2017-03-07 1:54 GMT+01:00 V <viswesh.vi...@gmail.com>:
> Hi,
>
> I am reaching out regarding a SCSI error handler issue, which we see
> in our lab systems.
>
> Environment: Ubuntu 4.4.0-31-generic
>
> Issue: Write IOs are getting stuck in our system randomly. All drives
> seen with the issue are all SATA drives.
> Root cause: SCSI error handler is not woken up (or) it is up, but not
> able to flush commands and hence the IOs get stuck. (as the requests
> are not flushed out and host is not restarted)
>
> We have 6 instances seen till now.
>
> This is what we see.
> 1) As part of testing our drives, we start lot of read/writes, along
> with some user space utilities running to check the drive health.

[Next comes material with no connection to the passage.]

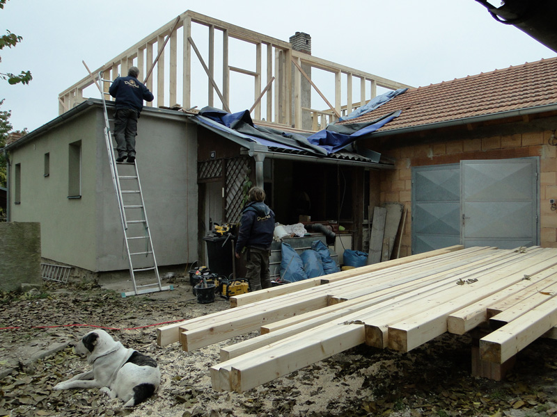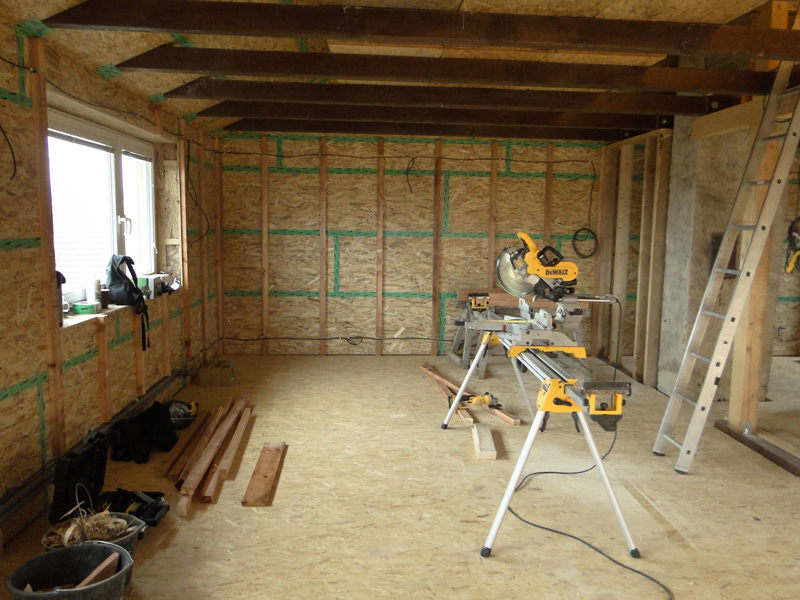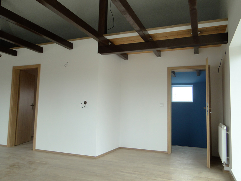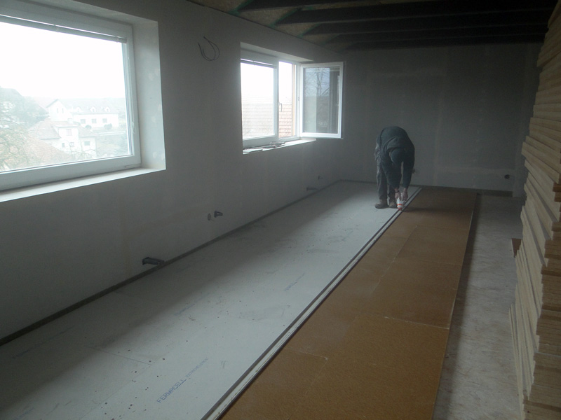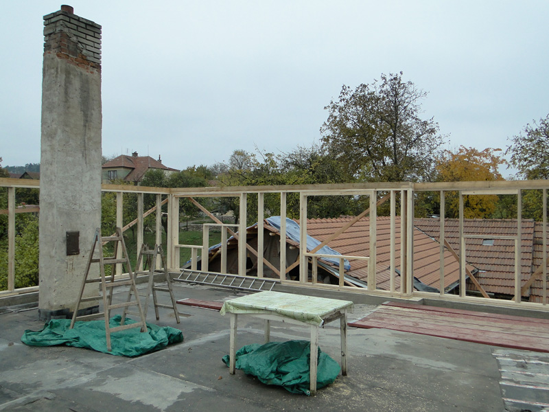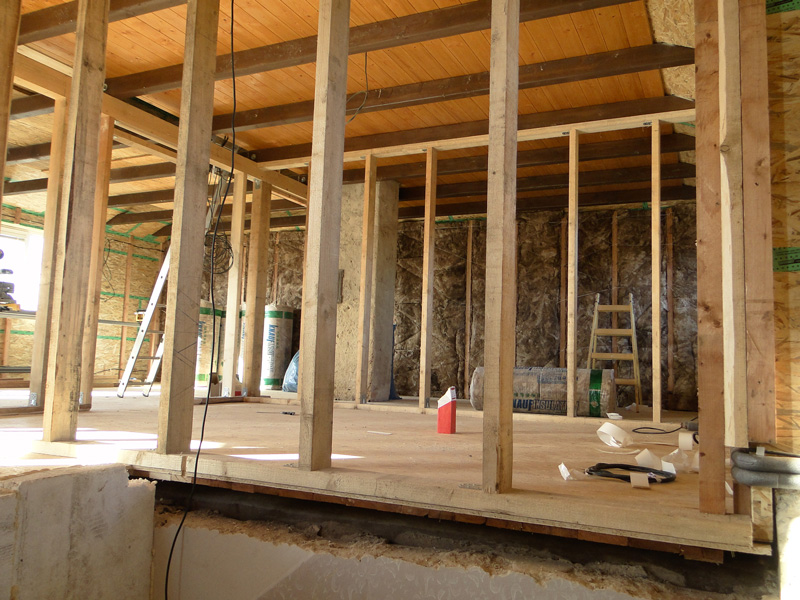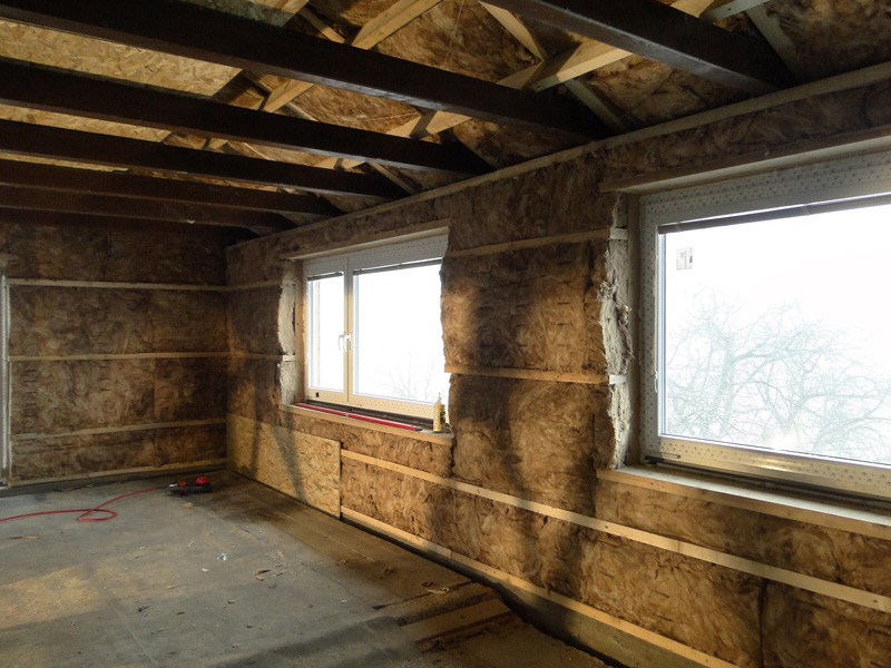 Rámová dřevostavba podkroví s izolací z minerální vaty.

> 1) In our recent testing, we see lot of commands going through the
> "abort scheduled" path. And we see that in between, for one of the
> commands, the error handler is not woken up, and majority of
> processes, which were writing, gets stalled.
> 2) We are still trying to figure out what is causing this much number
> of abort? Is it usual? Are there some other debugs, which I could
> enable to get more information? We know these are user space commands
> which are being aborted, but not sure which exact command it is for
> now.
> 3) I see the "abort scheduled" messages in almost all drives in all
> systems, hence i dont believe it is a drive issue.
> 4) I checked the host_failed and host_busy variables, both are set to
> 1 in system 1. 2nd one is still alive, havent taken a crash dump yet.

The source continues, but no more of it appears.